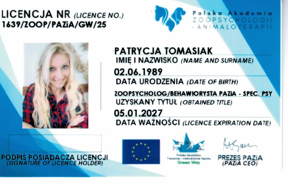 Nazywam się Patrycja Tomasiak. Jestem certyfikowanym behawiorystą psów — uprawnienia zdobyłam w Polskiej Akademii Zoopsychologii i Animaloterapii, a wiedzę stale poszerzam. Pracuję spokojnie i indywidualnie, a moje podejście buduję na obserwacji, relacji i realnym życiu z psem.
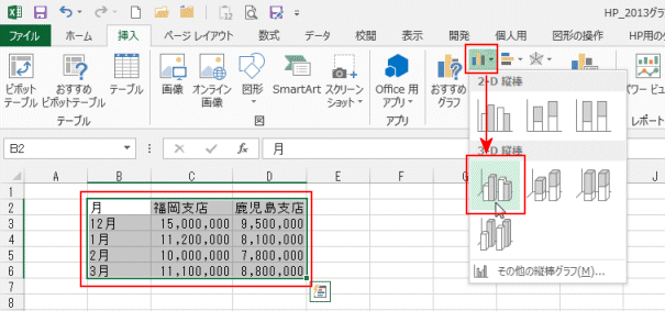 よねさんのExcelとWordの使い方|エクセル2013基本講座:目次|グラフの使い方|3-D集合縦棒グラフを作成する
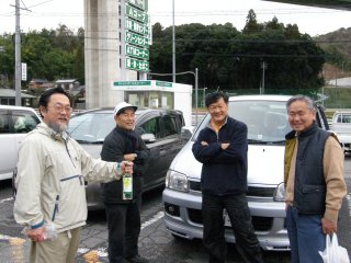 【左】松平のJAコープに集合。ワイン用意、ただしガの誘引用。
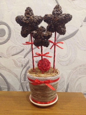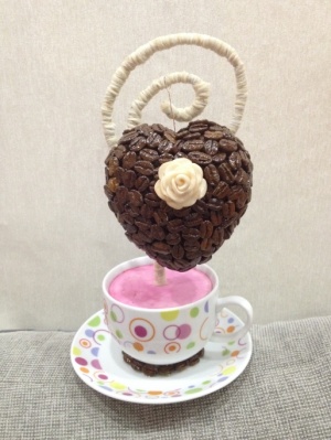 Добрый день. Парящие чашки и топиарий из кофе около 21 см в диаметре интересует?
_ _ _
Exercise brief ->
Repeat the data exactly as written, but without the pictures.

Exercise solution ->
 Nazywam się Patrycja Tomasiak. Jestem certyfikowanym behawiorystą psów — uprawnienia zdobyłam w Polskiej Akademii Zoopsychologii i Animaloterapii, a wiedzę stale poszerzam. Pracuję spokojnie i indywidualnie, a moje podejście buduję na obserwacji, relacji i realnym życiu z psem.
 よねさんのExcelとWordの使い方|エクセル2013基本講座:目次|グラフの使い方|3-D集合縦棒グラフを作成する
 【左】松平のJAコープに集合。ワイン用意、ただしガの誘引用。
 Добрый день. Парящие чашки и топиарий из кофе около 21 см в диаметре интересует?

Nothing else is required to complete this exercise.